Attention models:  One version begins with a bidirectional Rnn to compute a set of features for each input word, which inform an attention parameter (alpha) for each output word.  An image is available at https://towardsdatascience.com/attention-networks-c735befb5e9f.  The alpha parameters can  be done as a softmax over inputs determined by a one layer NN.



From LZ prog RNNS
Sequence to sequence models are two RNNs joined together, one which encodes the input, and another which decodes to produce output.  When considering the encoder, only the last state of the sequence matters for the decoding (summary vector).  For the decoder, you pass in the summary vector and an initial state, and each subsequent unit takes in the hidden state and the previous output.  An example task is machine translation, and Q&A, chatbots, although seq2seq only memorizes responses and repeats them.
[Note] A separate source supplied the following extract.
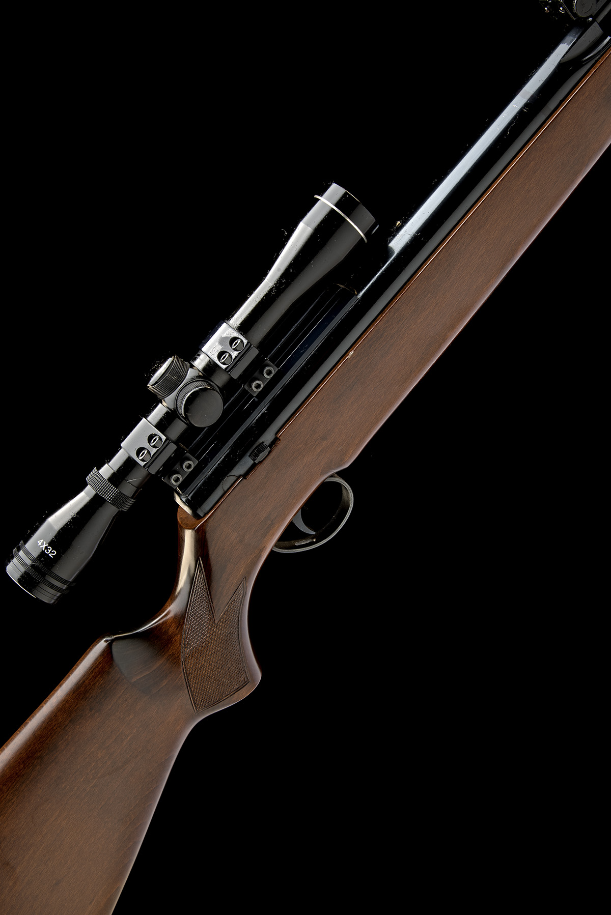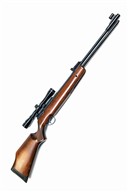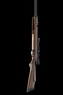 circa 2000, with blued 17 1/4in. barrel including built-on adaptor for a sound moderator, ramp fore-sight with tunnel protector, elevating and windage adjustable rear-sight, provision for a 10-shot rotary magazine (magazine absent), blued air-chamber with applied 'Maxi-Grip' rail, manual safe to rear right of air-chamber, beech half-stock with chequered pistol-grip, ventilated rubber recoil pad, blued under-barrel under-lever, fitted with an unsigned 4x32 telescopic sight, generally collector's external condition

Decoding details:  keras works with constant size data, so for the decoder, you need inputs.  rather than use the previous step output as teh new input, you can use teacher forcing, which is where you pass in the correct input into the next unit rather than the generated input.  At test time, you got back to passing in previous in previous input, meaning the decoder input length during prediction is 1.  The solution is to have two different models, one which has the fixed sentence length and one of length one.  
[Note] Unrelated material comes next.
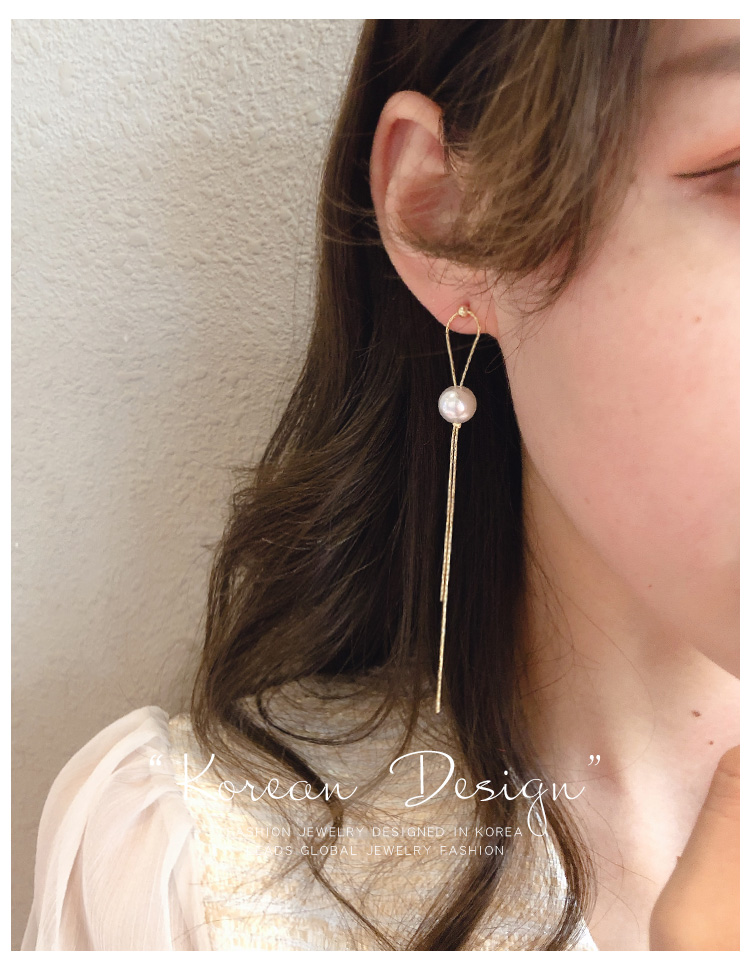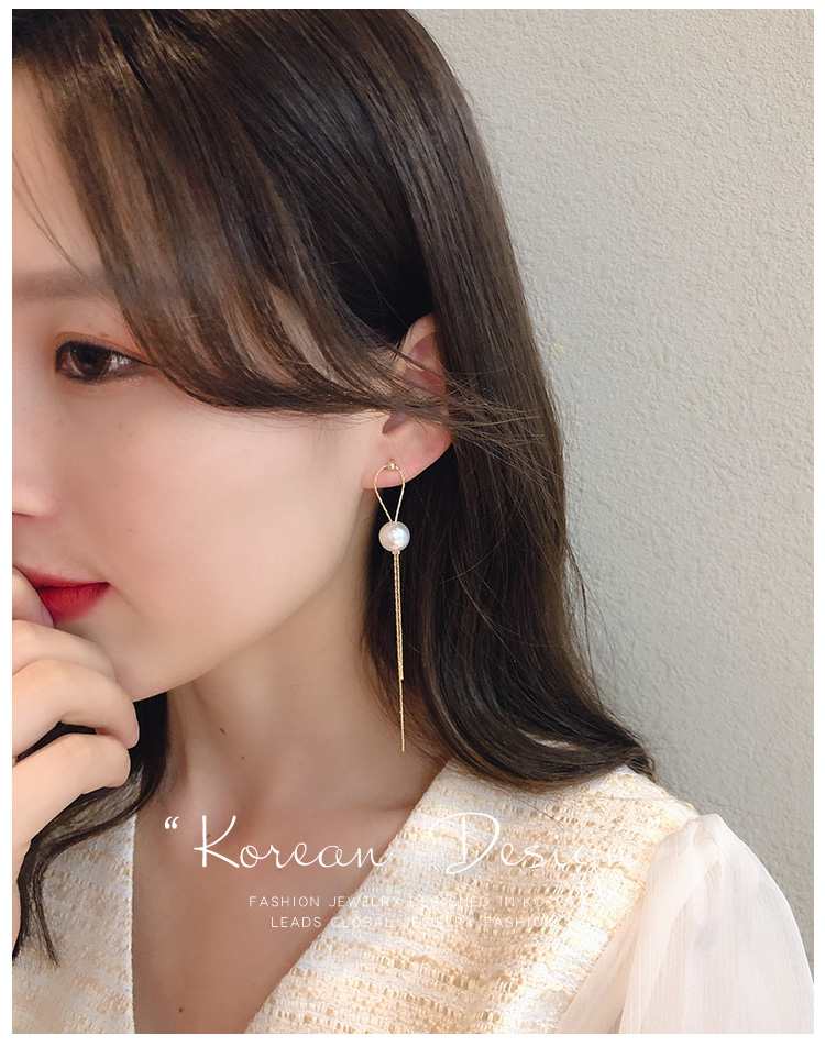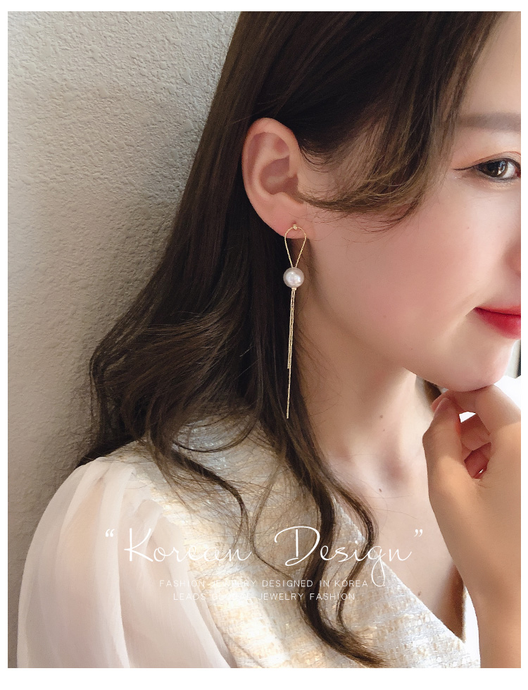 顯臉瘦的耳線2019新款潮名媛氣質韓國東大門珍珠耳墜長款流蘇耳環1入
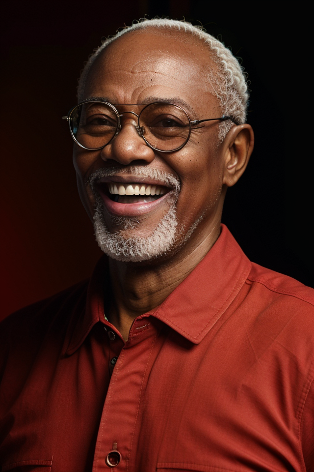 (blonde-glasses:1.2),1 old black man,solo,black hair,close-up,bald,laughing,simple background,red background,looking at viewer,<lora:CSG:0.6>, masterpiece,best quality,Ultra HD,high quality,HDR,UHD,8K,

One of the chief advantages of seq2seq is that the input and output size can be separately determined based on the problem.  However, the whole input must be mapped to one vector, which is limiting for long sentences, and we lose all other information in the encoder's hidden states.

Attention models
RNNs which produce output only at the end are good for small sentences, but not longer ones, as the relevant input may be lost by the time you reach the end.  One alternative is to take a maxpooling layer connected to all the recurrent units, which is like saying pick the most important feature.  Alternatively, you could take a softmax over the recurrent unit values to decide which one matters most.  With attention models, we still have an encoder and a decoder.  The encoder is a bidirectional lstm.
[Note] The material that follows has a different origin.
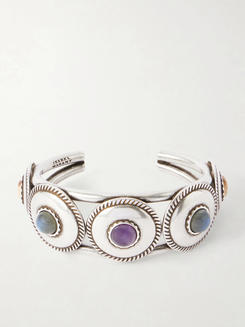 Isabel Marant's 'Lam' cuff has a subtly regal feel, centered with encrusted gems that catch the light. Made from silver-plated brass, it works just as well worn solo as it does stacked with other bracelets.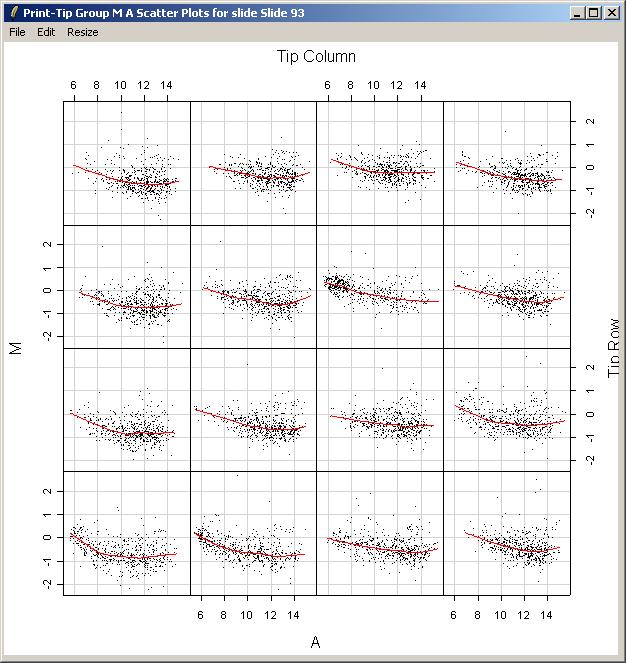 Now we will demonstrate how to plot an M vs A scatter plot and corresponding loess smoothing curve for each print-tip group on an array. From the Plot Menu, select "Print-Tip Group M A Plot (for one slide)".

Every unit of the decoder is connected to the encoder via a term consisting of a linear combination of the inner states of the encoder.  This is referred to as the context.  Because we have two different sequences, we have two different times, $t,t^\prime$, with t referring to the output sequence.  The context is 
$$
c=\sum_{t^\prime=1}^{T_x} \alpha(t^\prime) h(t^\prime)
$$
and the attention weights are learned via a neural network
$$
\alpha_{t^\prime}=g(s_{t-1},h_{t^\prime})\qquad t\le T_y; \, t^\prime \le T_x
$$
You can use teacher forcing by concatenating the context with the decoder output from the previous decoding step.

Memory networks
The example case for this area is the bAbI dataset, which is a story and Q&A dataset.  These networks are not deep, so are fast.  The simplest thins to do is grab all the word vectors in the sentence and sum them up, resulting in one vector for each sentence.  Now, with your vector for each sentence, map the question into a vector, but with its own embedding, so that it can learn to be close to relevant sentence.  Then dot the sentence vector with the question vector and take the softmax.  This gives you the relevant sentence.  Now we pass it through a dense logistic regression layer and then take the softmax over teh possible vocabulary to get a single word answer.  If you need to deal with two supporting facts, differing in time, you double the network, taking the answer from the first block and adding it to a second block, again consisting of all sentences.  Each block is called a hop.